**Extracted information:**
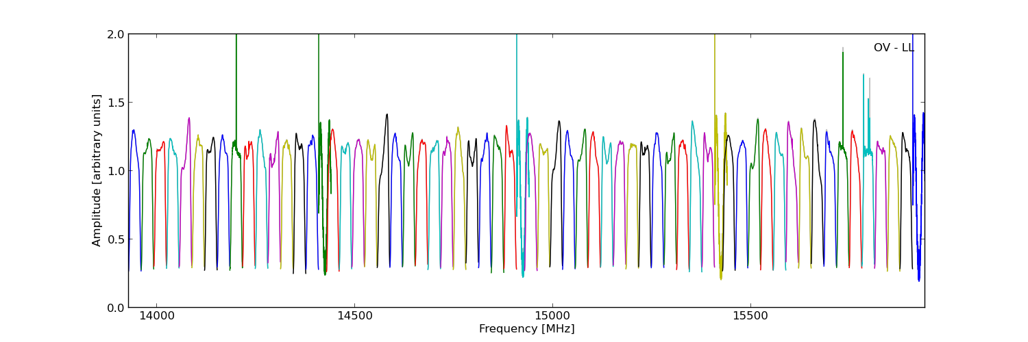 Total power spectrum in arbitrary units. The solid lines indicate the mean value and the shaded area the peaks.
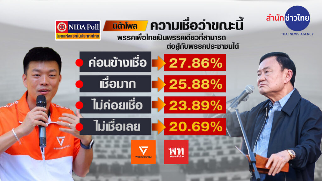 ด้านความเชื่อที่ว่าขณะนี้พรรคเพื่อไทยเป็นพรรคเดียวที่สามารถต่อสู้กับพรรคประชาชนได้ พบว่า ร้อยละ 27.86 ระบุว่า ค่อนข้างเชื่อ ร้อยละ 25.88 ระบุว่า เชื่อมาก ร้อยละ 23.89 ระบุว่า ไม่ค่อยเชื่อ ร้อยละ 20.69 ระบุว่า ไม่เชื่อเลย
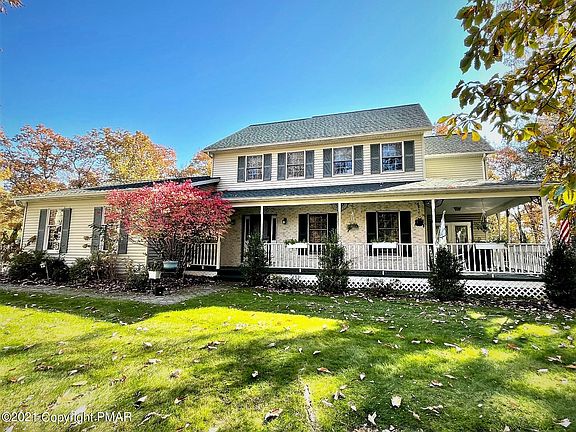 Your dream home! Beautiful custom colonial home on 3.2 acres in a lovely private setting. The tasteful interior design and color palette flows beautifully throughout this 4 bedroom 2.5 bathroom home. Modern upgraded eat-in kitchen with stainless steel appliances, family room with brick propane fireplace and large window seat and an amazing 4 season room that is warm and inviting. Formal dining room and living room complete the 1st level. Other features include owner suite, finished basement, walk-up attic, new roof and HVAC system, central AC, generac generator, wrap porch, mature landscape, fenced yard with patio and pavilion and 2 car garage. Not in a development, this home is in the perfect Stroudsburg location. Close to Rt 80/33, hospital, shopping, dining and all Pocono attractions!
---
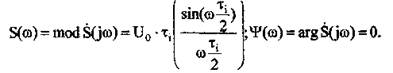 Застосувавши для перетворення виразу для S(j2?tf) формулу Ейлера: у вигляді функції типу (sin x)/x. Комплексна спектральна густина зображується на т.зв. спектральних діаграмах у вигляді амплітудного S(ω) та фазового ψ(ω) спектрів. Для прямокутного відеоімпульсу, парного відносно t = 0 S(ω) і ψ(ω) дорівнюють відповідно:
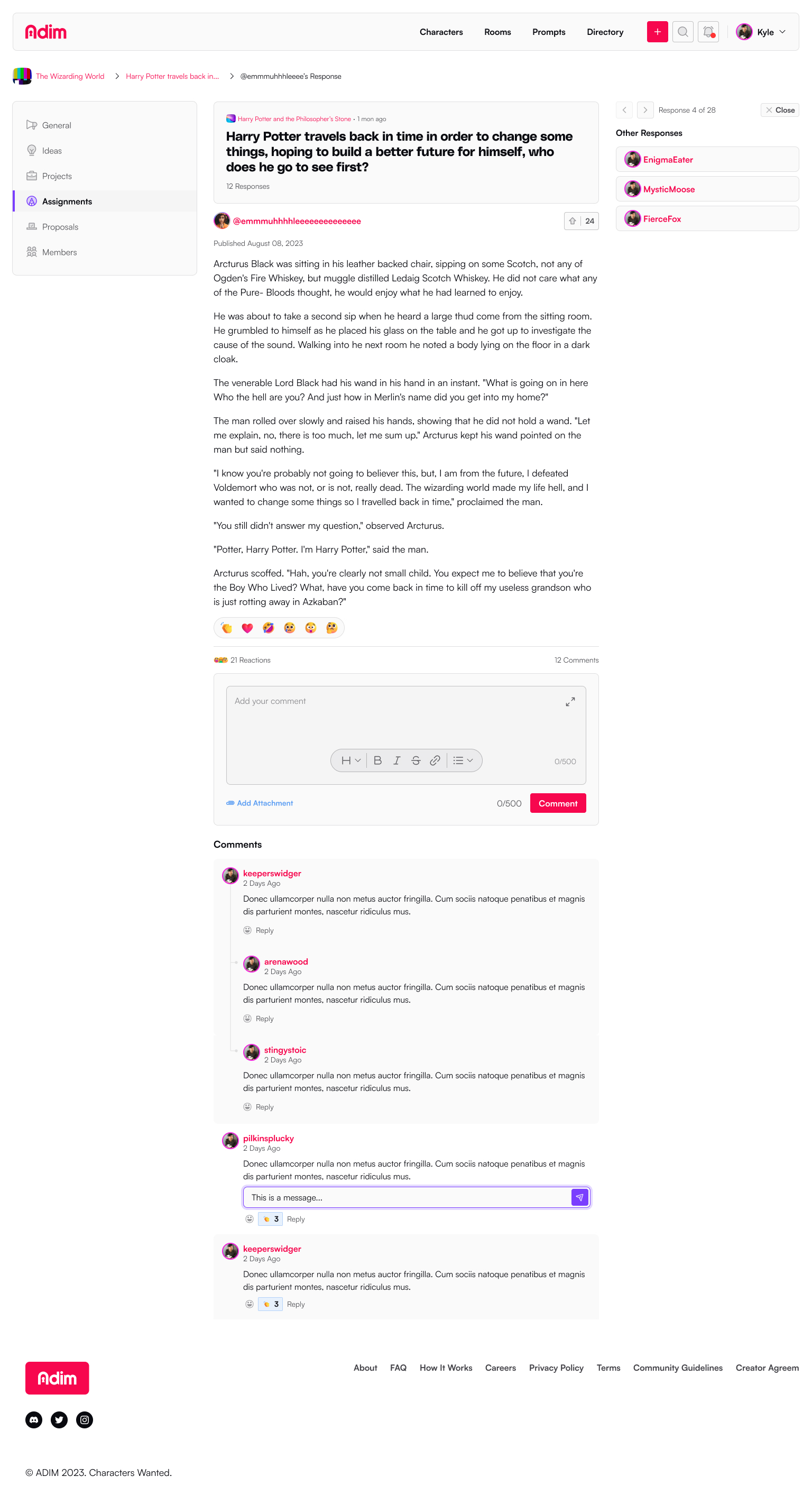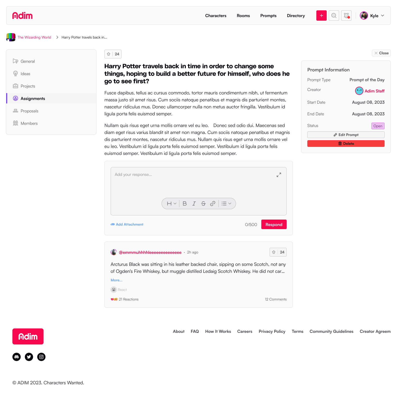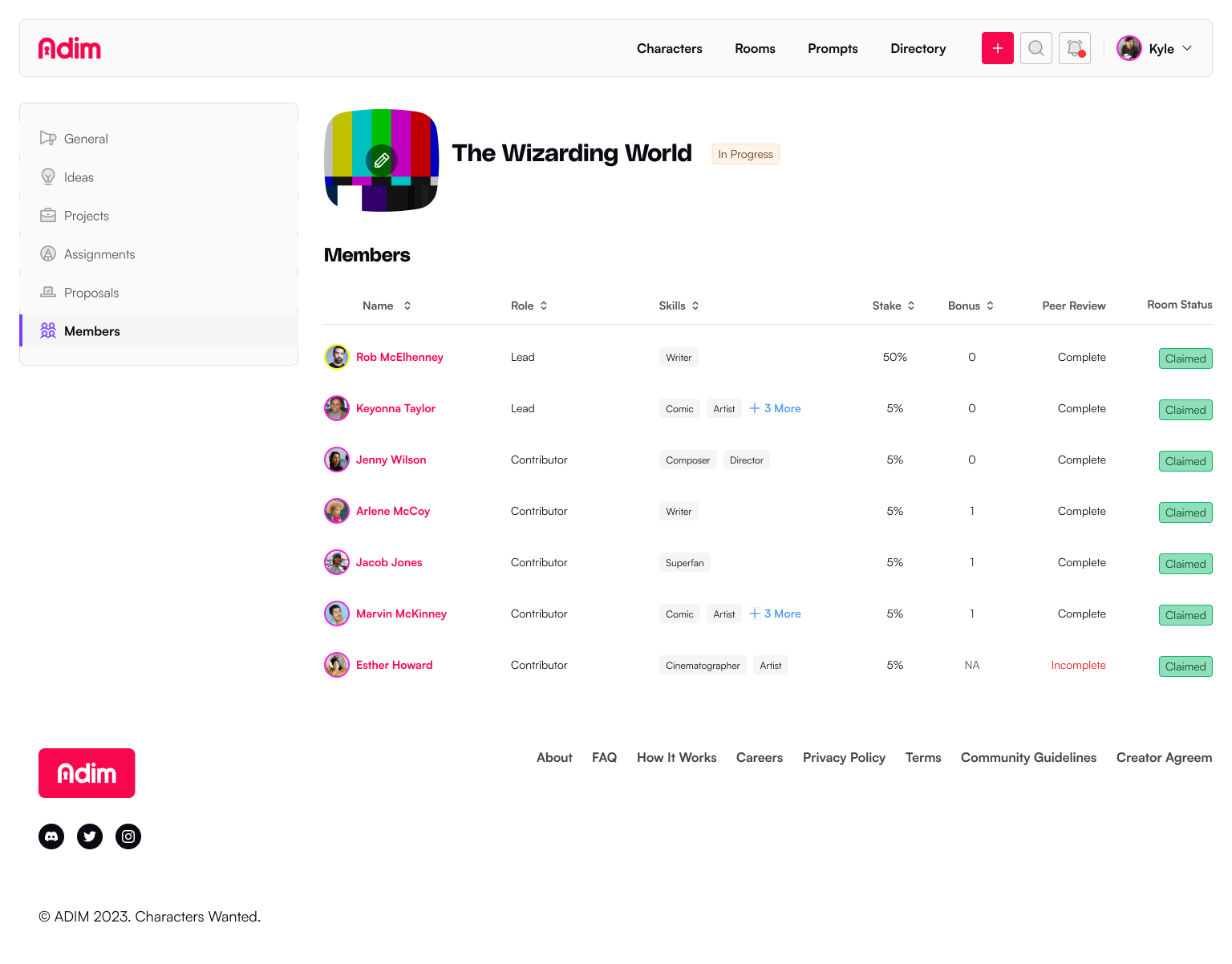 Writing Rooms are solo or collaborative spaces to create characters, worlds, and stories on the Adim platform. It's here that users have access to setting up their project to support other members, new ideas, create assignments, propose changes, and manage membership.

**What you should do:**
An exact copy is needed. It runs from the line above containing "Total power spectrum" down to the line containing "Your dream home!", both included, with no pictures.

**Output of the exercise:**
 Total power spectrum in arbitrary units. The solid lines indicate the mean value and the shaded area the peaks.
 ด้านความเชื่อที่ว่าขณะนี้พรรคเพื่อไทยเป็นพรรคเดียวที่สามารถต่อสู้กับพรรคประชาชนได้ พบว่า ร้อยละ 27.86 ระบุว่า ค่อนข้างเชื่อ ร้อยละ 25.88 ระบุว่า เชื่อมาก ร้อยละ 23.89 ระบุว่า ไม่ค่อยเชื่อ ร้อยละ 20.69 ระบุว่า ไม่เชื่อเลย
 Your dream home! Beautiful custom colonial home on 3.2 acres in a lovely private setting. The tasteful interior design and color palette flows beautifully throughout this 4 bedroom 2.5 bathroom home. Modern upgraded eat-in kitchen with stainless steel appliances, family room with brick propane fireplace and large window seat and an amazing 4 season room that is warm and inviting. Formal dining room and living room complete the 1st level. Other features include owner suite, finished basement, walk-up attic, new roof and HVAC system, central AC, generac generator, wrap porch, mature landscape, fenced yard with patio and pavilion and 2 car garage. Not in a development, this home is in the perfect Stroudsburg location. Close to Rt 80/33, hospital, shopping, dining and all Pocono attractions!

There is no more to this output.